3. Originally Posted by ThePerfectHacker
The horizontal tangents is when the derivative approaches infinity. Since is derivative is,
$f'(x)=\frac{x+2}{\sqrt{x^2+x+1}}$ that happens when the denominator is zero. Thus, $\sqrt{x^2+x+1}=0$ thus, $x^2+x+1$ but that never happens because we said that $x^2+x+1$ is always a positive number. Thus, it has no horizontal tangents.
No a horizontal tangent is when the derivative approaches zero.

$
\frac{d}{dx}\frac{2x}{\sqrt{x^2+x+1}}=\frac{x+2}{( x^2 + x + 1)^{3/2}}$

There is a zero of this at $x=-2$, but that is not an asymtote.
Also the derivative goes to zero as $x \to \pm \infty$, so if
the limits of $f(x)$ as $x \to \pm \infty$ are finite these
will give horizontal asymtotes.

Now:

$
f(x)=\frac{2x}{\sqrt{x^2+x+1}}=\frac{2\ \mbox{sign}(x)}{\sqrt{1+1/x+1/x^2}}
$

So as $x \to \infty\ \ f(x) \to 2$, and as $x \to -\infty\ \ f(x) \to -2$, giving horizontal asymtotes at $y=\pm 2$

RonL

4. I see how you got the equation for the horizontal asympototes but when I graph the function, y=-2 does not quite fit the horizontal asymptote on the bottom. Why is that so?

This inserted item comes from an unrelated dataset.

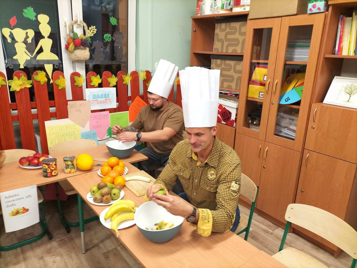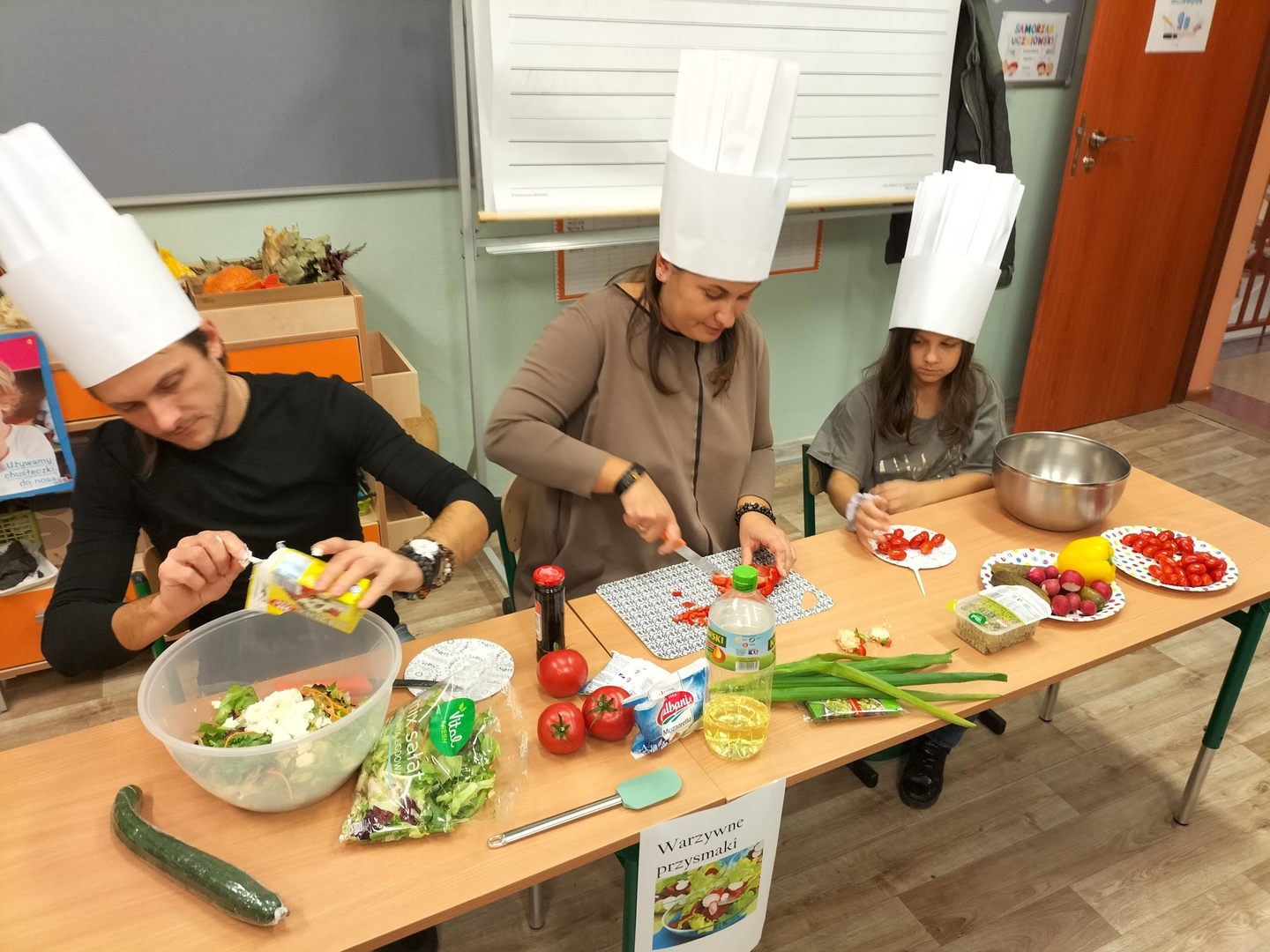 Warto zaznaczyć, że w zajęciach wraz z uczniami uczestniczyli rodzice, którzy kroili zdrowe produkty.

5. Originally Posted by Vigo
I see how you got the equation for the horizontal asympototes but when I graph the function, y=-2 does not quite fit the horizontal asymptote on the bottom. Why is that so?
Probably because you have not extended the plot far enough to the left.
Here is a little table which shows what is going on:

$
\begin{array}{cc}x&f(x)\\-1&-2\\-2&-2.31\\-3&-2.27\\-4&-2.22\\-5&-2.18\\-10&-2.10\\-100&-2.01 \end{array}
$

RonL